On guinea pigs:


it is the animal that is being actively "suppressed" (and, it seems, with Alice's approval) in Alice's Adventures in Wonderland (1865; translated by VN in 1923), Ch. XI:  


"Here one of the guinea-pigs cheered, and was immediately suppressed by the officers of the court. (As that is rather a hard word, I will just explain to you how it was done. They had a large canvas bag, which tied up at the mouth with strings: into this they slipped the guinea-pig, head first, and then sat upon it.)

“I’m glad I’ve seen that done,” thought Alice. “I’ve so often read in the newspapers, at the end of trials, ‘There was some attempt at applause, which was immediately suppressed by the officers of the court’, and I never understood what it meant till now.

........

Here the other guinea-pig cheered, and was suppressed.

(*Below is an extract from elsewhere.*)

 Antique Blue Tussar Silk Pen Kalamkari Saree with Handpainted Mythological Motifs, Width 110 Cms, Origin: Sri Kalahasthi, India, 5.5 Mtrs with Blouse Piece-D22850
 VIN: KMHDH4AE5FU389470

“Come, that finishes the guinea-pigs!” thought Alice. “Now we shall get on better.”

One can trace a direct connection from these unfortunate animals to Cheepy ("born" in 1925).

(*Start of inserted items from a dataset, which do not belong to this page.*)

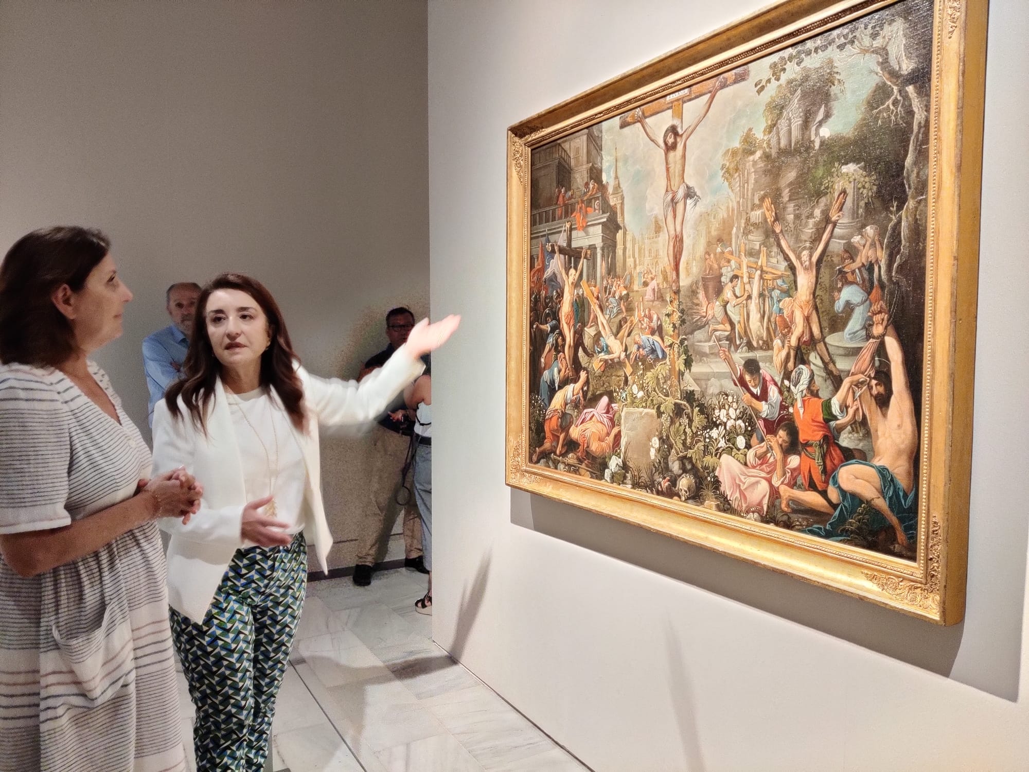 Dentro de las obras de ‘Del martirio a la santidad’ –abierta hoy al público, con la asistencia de la directora general de Innovación Cultural y Museos, Pía Halcón, y la directora del Museo, Valme Muñoz– destaca el óleo de Juan de Roelas ‘Cristo ejemplo de mártires’. El lienzo, un préstamo del Museo Nacional del Prado, formó parte de una de las series que colgaron de las paredes del antiguo convento de la Merced, actual sede de la pinacoteca sevillana. De ella formarían parte otras dos obras, el ‘Martirio de San Serapio’, presente en la muestra, y el ‘Martirio de San Pedro Pascual’, depositado en la iglesia de San Pedro.
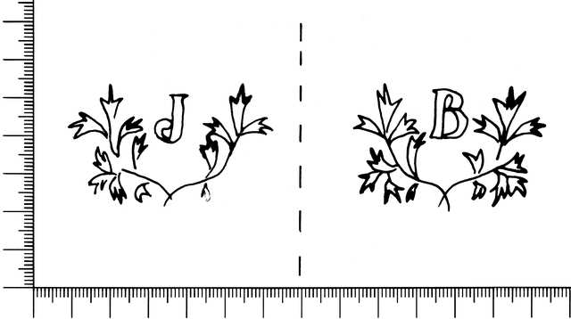 Tipo de filigrana: Doble Parte estudiada: Izquierda Código del Motivo: V.02.02.00 Descripción: Filigrana izquierda: Letras J entre vegetales. Filigrana derecha: Letras B entre vegetales. Estructura: Tradicional de líneas Altura (mm): 34 Anchura (mm): 55 Tipo de papel: Continuo Posición en la hoja: Izquierda inferior Distancia entre corondeles: Posición en relación al texto: Perpendicular al texto hacia arriba Origen de los datos: Datos obtenidos del original País de localizatión del molino: España Autor de los datos de este registro: María Dolores Díaz de Miranda Macías Estado de la hoja: Cortado borde derecho e inferior Altura de la hoja: 312 Anchura de la hoja: 430 Color de la hoja: Natural Institución: Archivo Municipal de Oviedo.
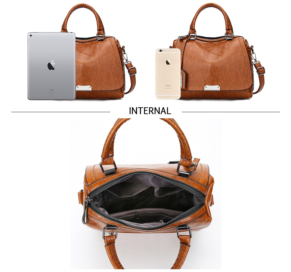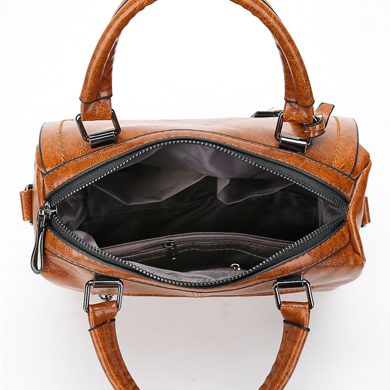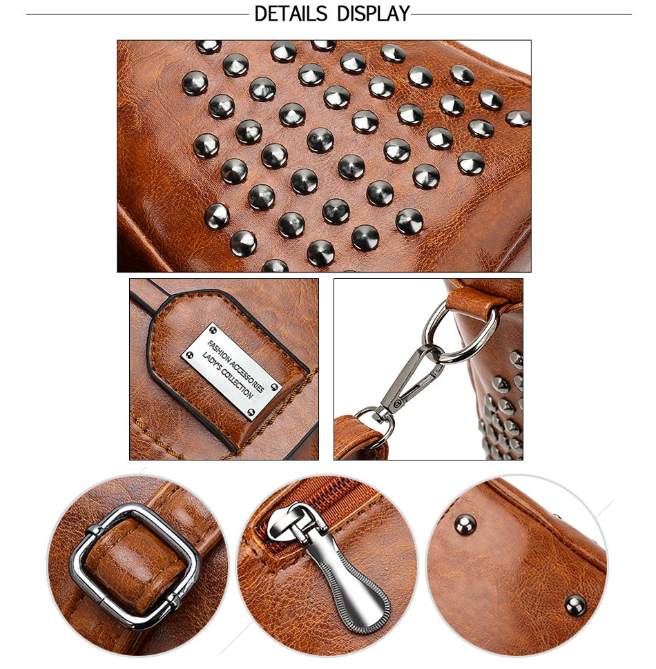 Women's Vintage Vegan Leather Rivet Handbag with Shoulder Strap
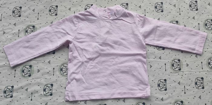 Tee-shirt ML avec col montant rose pâle en très bon état de la marque Tout Simplement pour fille taille 9 mois
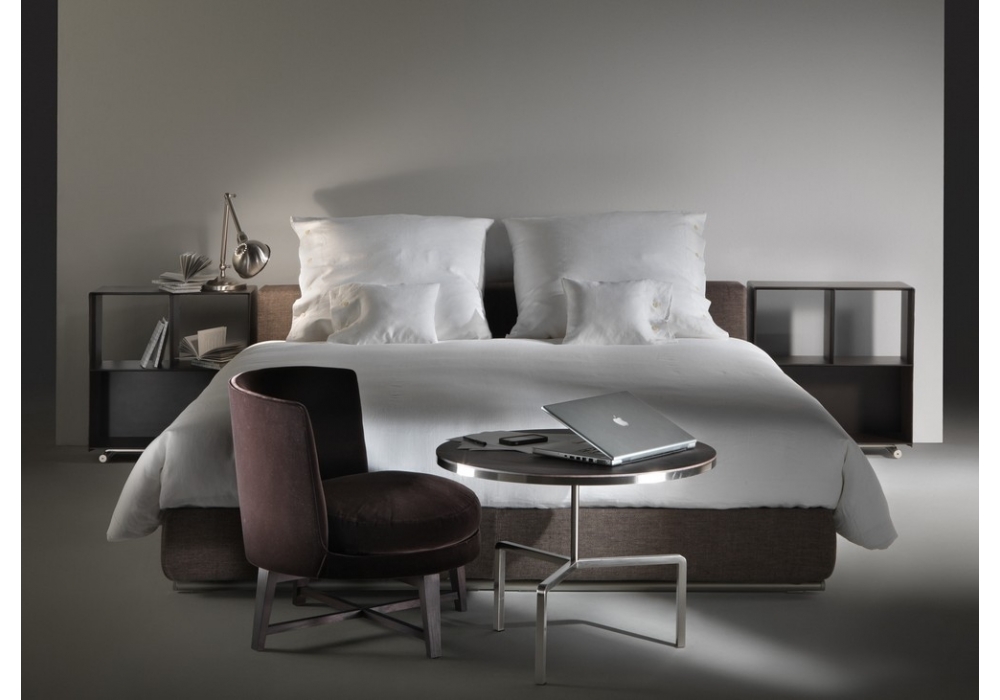 Groundpiece Slim is a bed designed by Antonio Citterio for Flexform. Base in wood with polyurethane padding covered with a protective fabric lining. Base with platform fitted with wooden slats. Headboard: in wood with polyurethane padding covered with a protective fabric lining. Feet: in metal treated with epoxy lacquer. Mattress not included.

Incidentally (and not known to VN?). Lewis Carroll (C.L. Dodgson) was an ardent anti-vivisectionist, who wrote

"“Forbid the day when vivisection shall be practiced in every college and school, and when the man of science, looking forth over a world which will then own no other sway than his, shall exult in the thought that he had made of this fair earth, if not a heaven for man, at least a hell for animals.” ("Vivisection as a Sign of the Times", a letter to Pall Mall Gazette, 10 Feb 1875)

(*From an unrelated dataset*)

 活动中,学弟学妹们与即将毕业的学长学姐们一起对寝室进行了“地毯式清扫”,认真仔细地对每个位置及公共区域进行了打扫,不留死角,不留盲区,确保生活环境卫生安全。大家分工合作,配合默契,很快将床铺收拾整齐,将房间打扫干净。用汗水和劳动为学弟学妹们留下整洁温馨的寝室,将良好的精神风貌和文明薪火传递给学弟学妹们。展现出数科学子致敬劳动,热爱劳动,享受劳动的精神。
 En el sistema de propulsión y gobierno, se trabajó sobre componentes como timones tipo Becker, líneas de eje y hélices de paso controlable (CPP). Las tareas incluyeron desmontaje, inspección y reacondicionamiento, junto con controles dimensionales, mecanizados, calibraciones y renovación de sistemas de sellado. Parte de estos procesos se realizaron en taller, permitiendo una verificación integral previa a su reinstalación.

See also Boyd 2009 on: "...Bonzo, the little flop-eared dog who was the subject of a worldwide craze in the 1920s and early 1930s and who inspired the popularity of “Cheepy,” a cartoon guinea-pig whose cute humanized images begin in the cartoonist's mind with thoughts of vivisection, in Nabokov's Camera Obscura. (BB, “On the Original of Cheepy: Nabokov and Popular Culture Fads,” The Nabokovian, 63 (Fall 2009), pp. 63–71. 

Bonzo was created by a British cartoon artist George Studdy in 1922. See http://www.bonzo.me.uk/



Happy New Year everyone across the globe!!

Victor Fet


 





From: Vladimir Nabokov Forum <NABOKV-L@LISTSERV.UCSB.EDU> on behalf of Alexey Sklyarenko <skylark1970@MAIL.RU>
Sent: Sunday, December 31, 2017 7:43 AM
To: NABOKV-L@LISTSERV.UCSB.EDU
Subject: [NABOKV-L] guinea pig, vivisection, Magda Peters, Robert Horn & von Korovin in Kamera Obskura
 

In VN’s novel Kamera Obskura (1933) the birth of Cheepy (a charming guinea pig created by Robert Horn, a talented but unprincipled artist) is said to be connected with the issue of vivisection:

 

Приблизительно в 1925 г. размножилось по всему свету милое, забавное существо - существо теперь уже почти забытое, но в своё время, т. е. в течение трёх-четырёх лет, бывшее вездесущим, от Аляски до Патагонии, от Маньчжурии до Новой Зеландии, от Лапландии до Мыса Доброй Надежды, словом, всюду, куда проникают цветные открытки, - существо, носившее симпатичное имя Cheepy.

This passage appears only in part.